# TASK TO COMPLETE:
Once you find the line with "1girl, white hair, blue" in the listing below, set down exactly every line from it through the line with "Here’s David Marroquin, who", but no pictures.

# INPUT RECORDS:
· · · · ·
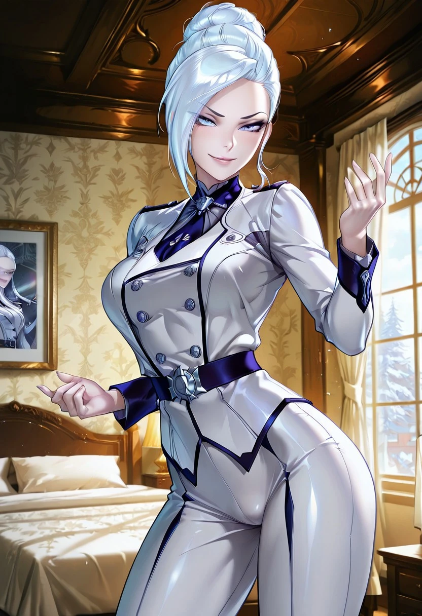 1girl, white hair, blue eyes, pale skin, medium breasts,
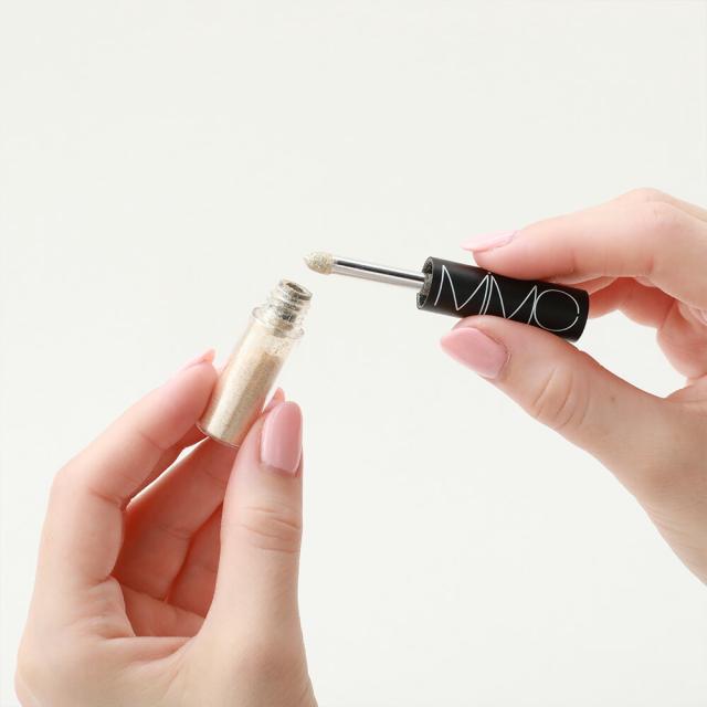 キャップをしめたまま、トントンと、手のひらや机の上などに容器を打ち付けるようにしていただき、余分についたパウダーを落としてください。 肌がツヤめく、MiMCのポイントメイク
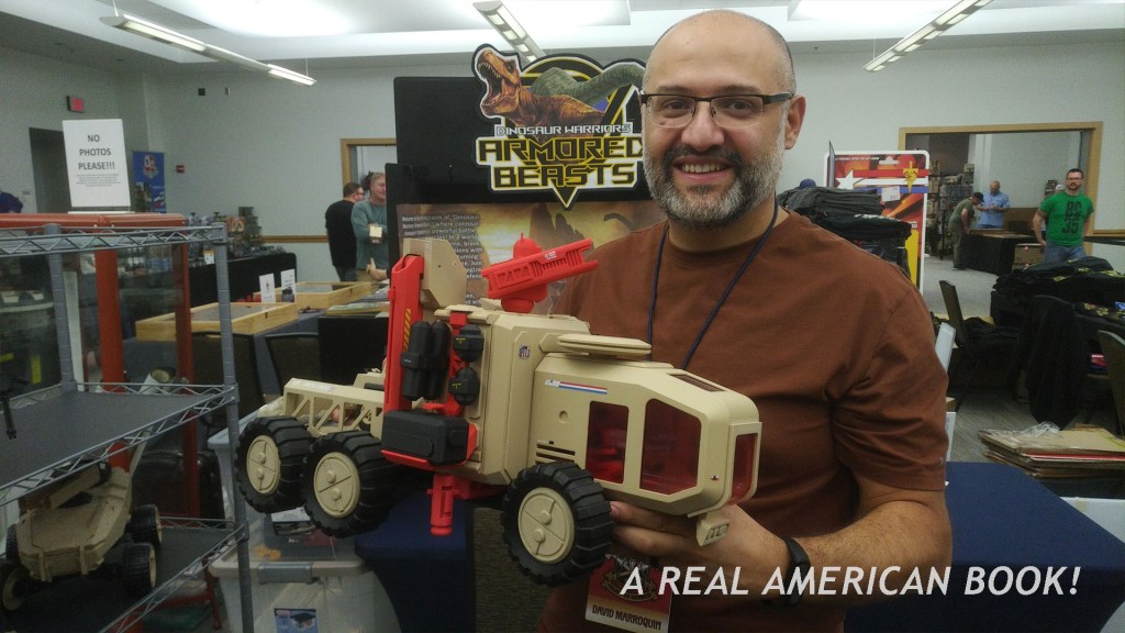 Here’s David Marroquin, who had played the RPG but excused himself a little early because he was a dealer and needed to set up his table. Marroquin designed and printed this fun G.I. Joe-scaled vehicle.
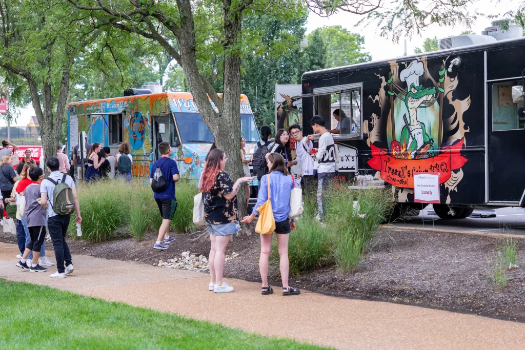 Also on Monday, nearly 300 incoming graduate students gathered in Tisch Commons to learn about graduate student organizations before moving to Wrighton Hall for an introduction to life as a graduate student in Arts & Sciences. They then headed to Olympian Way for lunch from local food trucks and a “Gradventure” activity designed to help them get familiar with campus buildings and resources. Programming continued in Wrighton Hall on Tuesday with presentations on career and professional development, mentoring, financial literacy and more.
· · · · ·
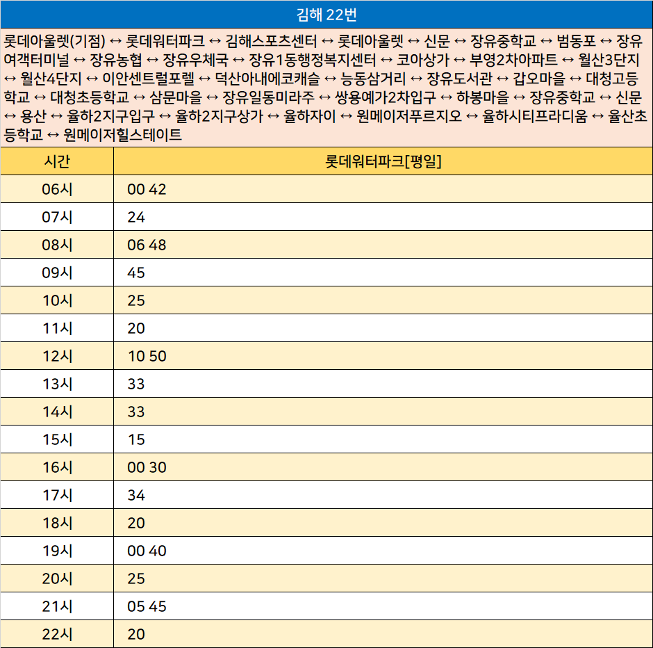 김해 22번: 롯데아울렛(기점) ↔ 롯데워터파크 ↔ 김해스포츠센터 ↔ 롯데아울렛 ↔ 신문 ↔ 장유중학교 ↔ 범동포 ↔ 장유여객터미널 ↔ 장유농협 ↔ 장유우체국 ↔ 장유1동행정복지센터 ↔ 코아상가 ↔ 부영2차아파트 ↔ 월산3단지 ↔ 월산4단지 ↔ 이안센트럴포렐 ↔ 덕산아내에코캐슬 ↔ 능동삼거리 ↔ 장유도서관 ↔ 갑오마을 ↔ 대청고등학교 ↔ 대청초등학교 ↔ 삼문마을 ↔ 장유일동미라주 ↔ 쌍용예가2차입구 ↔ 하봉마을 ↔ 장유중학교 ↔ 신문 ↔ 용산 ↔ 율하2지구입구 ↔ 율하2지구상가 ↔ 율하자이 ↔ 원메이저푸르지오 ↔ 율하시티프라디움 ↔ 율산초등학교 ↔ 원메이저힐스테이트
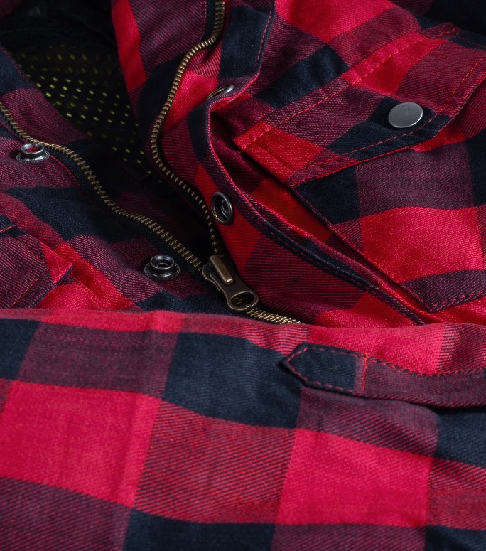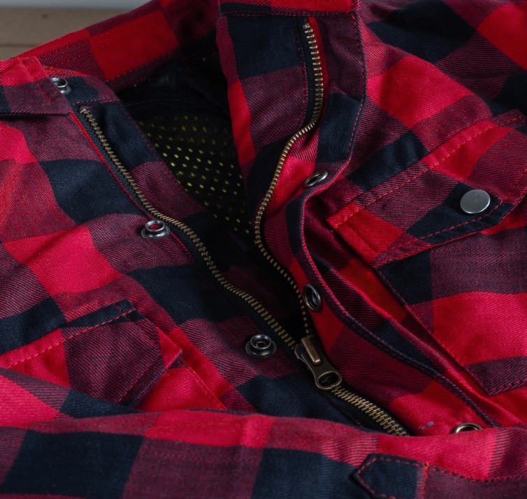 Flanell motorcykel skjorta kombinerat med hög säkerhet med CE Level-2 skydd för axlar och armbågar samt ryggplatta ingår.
· · · · ·
# SOLUTION TO THE EXERCISE:
 1girl, white hair, blue eyes, pale skin, medium breasts,
 キャップをしめたまま、トントンと、手のひらや机の上などに容器を打ち付けるようにしていただき、余分についたパウダーを落としてください。 肌がツヤめく、MiMCのポイントメイク
 Here’s David Marroquin, who had played the RPG but excused himself a little early because he was a dealer and needed to set up his table. Marroquin designed and printed this fun G.I. Joe-scaled vehicle.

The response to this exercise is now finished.